Evaluation Frameworks

TruLens

Open-source RAG evaluation with feedback functions for groundedness, relevance, and toxicity. Integrates with LlamaIndex and LangChain.

Best for: Teams already using LlamaIndex or LangChain who want quick integration.

DeepEval

Pytest-like framework for LLM evaluation. Supports RAG-specific metrics, unit tests for LLM outputs, and CI/CD integration.

Best for: Teams wanting to run RAG evals in CI/CD pipelines alongside unit tests.

Phoenix (Arize)

Observability platform with RAG-specific tracing, evaluation, and debugging. Visualize retrieval quality and identify failure patterns.

Best for: Production monitoring and debugging of RAG systems at scale.

promptfoo

CLI-based eval framework. Define test cases in YAML, run against multiple RAG configurations, compare results side-by-side.

Best for: A/B testing different RAG configurations (chunking sizes, models, topK values).

Key Insight

The single most impactful thing you can do for your RAG system is build a golden evaluation dataset of 50-100 questions with ground truth answers. Run RAGAS metrics after every change. Set minimum thresholds (faithfulness > 0.85) and block deployments that regress. This is the RAG equivalent of unit tests — and like unit tests, the earlier you start, the more pain you avoid.

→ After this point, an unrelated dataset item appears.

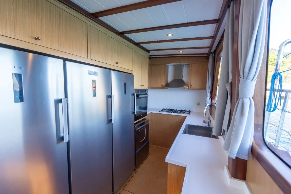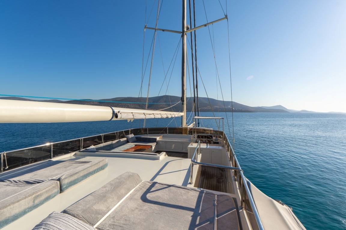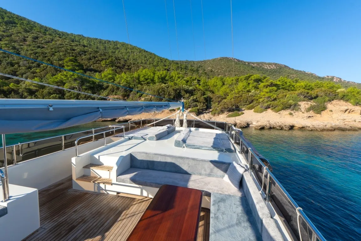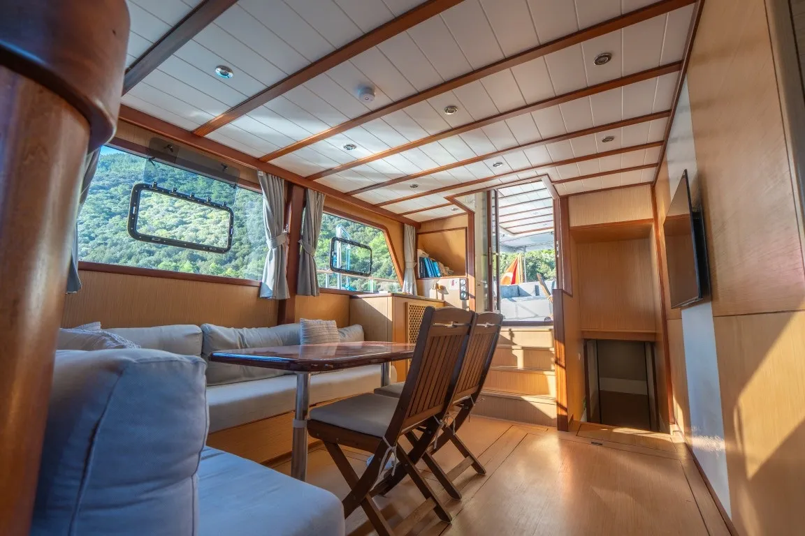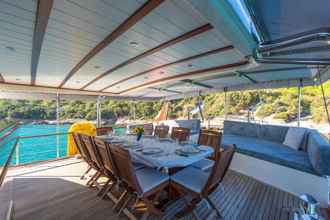 Teknenin arka güvertesinde, tüm misafirlerin oturup rahatça yemek yiyebileceği büyük bir yemek masası, sandalyeler, geniş bir oturma grubu ve bar bulunmaktadır. Ön güvertede ise içeceklerinizi keyifle yudumlayarak güneşin doğuşunu ve batışını izleyebileceğiniz bir oturma grubu, büyük bir sehpa ve güneşlenme minderleri yer almaktadır.

Production RAG Architecture

Scaling, caching, and real-time indexing

The gap between a RAG demo and a production RAG system is operational engineering: caching, indexing pipelines, monitoring, cost optimization, and scaling. A system that works on 100 test queries must work reliably on 100,000 diverse production queries per day — with predictable latency, cost, and quality.

Cost ReductionSemantic Caching

Cache answers for semantically similar queries. Common questions get asked hundreds of times daily in production — semantic caching catches paraphrases that exact-match caching misses.

How It Works

1.Embed the incoming query
2.Search the cache index for queries with similarity > 0.95
3.If a cache hit with valid TTL exists, return the cached answer
4.On cache miss, run the full RAG pipeline
5.Store the query embedding, answer, and sources in the cache with a TTL

Impact

60-80% cost reduction in production. Reduces average latency from 2-5s to <100ms for cache hits.

Consideration

Set appropriate TTL (1-24 hours). Invalidate cache when source documents change. Monitor cache hit rate.

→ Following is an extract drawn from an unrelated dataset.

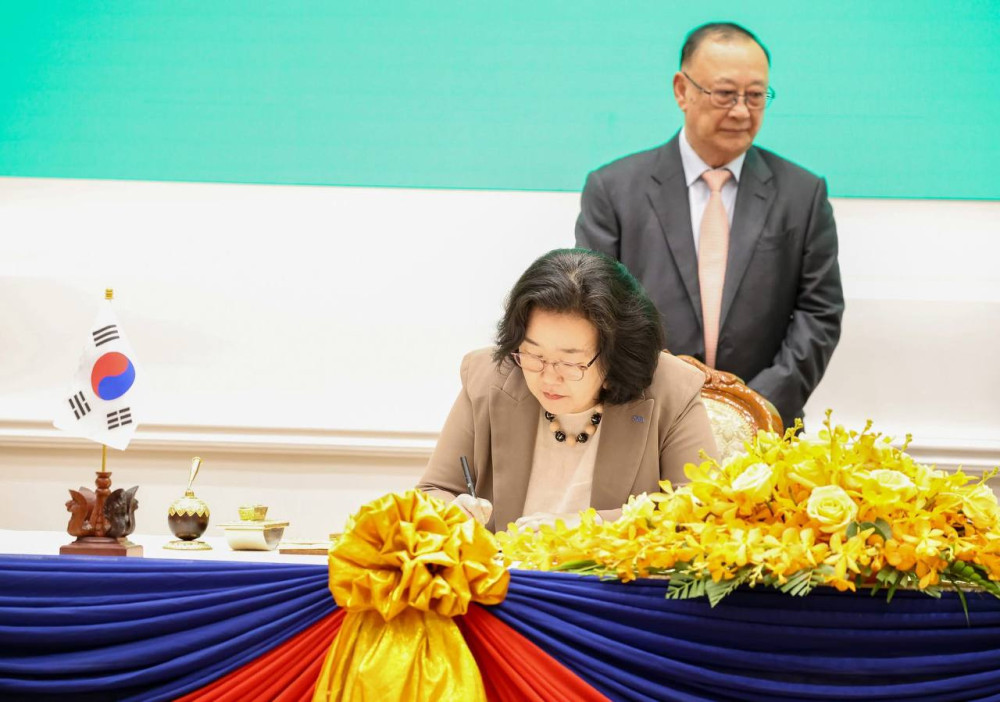 H.E. Abhisantibindit Sar Sokha (R, Pic. 1), Deputy Prime Minister and Minister of Interior, and H.E. KIM Chang Yong, Ambassador of the Republic of Korea to Cambodia, co-preside over the signing ceremony of the Record of Discussion on “Project for Strengthening CSI & Forensic Science Capacity of Police in Cambodia,” held at the Ministry’s Office in Phnom Penh this morning.

FreshnessIncremental Indexing

Instead of re-indexing the entire corpus when documents change, detect changes and update only the affected vectors. Keeps the index fresh without full rebuilds.

How It Works

1.Hash each document's content at ingestion time
2.On update, compare content hashes to detect which documents changed
3.Delete old vectors for changed documents
4.Re-chunk, re-embed, and upsert only the changed documents
5.Handle deletions by removing vectors for deleted source documents

Impact

Index updates go from hours (full re-index) to minutes (incremental). Source freshness improves from daily to near real-time.

Consideration

Maintain a document-to-vector mapping for deletion. Use content hashing, not timestamps, to detect changes.

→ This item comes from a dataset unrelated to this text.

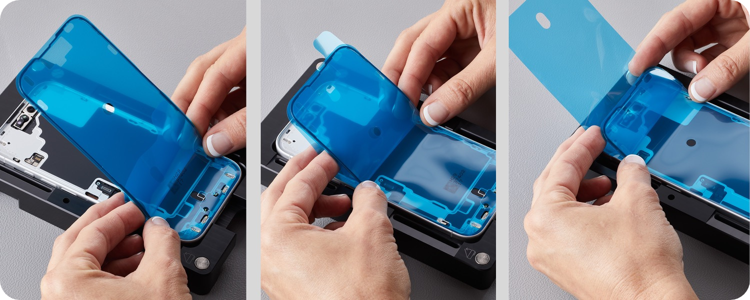 The replacement display adhesive has a top release liner, a middle release liner, and a bottom release liner. Grasp the tab on the bottom release liner. Then slowly pull the bottom release liner out from under the adhesive while pressing the adhesive onto the enclosure.

PerformanceTiered Retrieval

Use multiple retrieval tiers: a fast, approximate first pass (HNSW) followed by an exact re-scoring pass. For extremely large indices, add a pre-filter stage using metadata.

How It Works

1.Tier 1: Metadata pre-filter (namespace, date range, document type) — milliseconds
2.Tier 2: ANN search (HNSW) on filtered subset — 10-50ms for millions of vectors
3.Tier 3: Cross-encoder reranking on top-20 results — 50-200ms
4.Tier 4: Contextual compression to extract relevant sentences — 100-500ms

Impact

Handles 100M+ vector indices with sub-second latency. Each tier narrows the search space for the next.

Consideration

Profile each tier's latency. Set timeouts. Use async/parallel where possible. The reranking tier is usually the bottleneck.

Production Indexing Architecture

A production RAG system is not just a vector database. It is a pipeline of components that must work together reliably.

Document Watcher

Monitors source systems (S3, databases, wikis, git repos) for changes. Emits events for created, updated, and deleted documents.

Change Data Capture, webhooks, file watchers, cron polling

Chunking Pipeline

Receives raw documents, applies format-specific parsing, runs the chunking strategy, and enriches chunks with metadata.

LangChain splitters, LlamaIndex node parsers, custom parsers

Embedding Service

Batches chunks and generates embeddings. Rate-limited to respect API quotas. Supports multiple embedding models for A/B testing.

OpenAI API, Cohere, self-hosted models, batch processing

Vector Store

Stores vectors with metadata, supports ANN search, handles upserts and deletions. The primary retrieval backend.

Pinecone, Weaviate, Qdrant, pgvector

Cache Layer

Semantic cache for query-answer pairs. Exact cache for frequent identical queries. Invalidated on source document changes.

Redis, dedicated vector index, in-memory LRU

Monitoring & Alerts

Tracks indexing lag, retrieval latency (p50/p95/p99), cache hit rate, embedding costs, and RAGAS metric trends.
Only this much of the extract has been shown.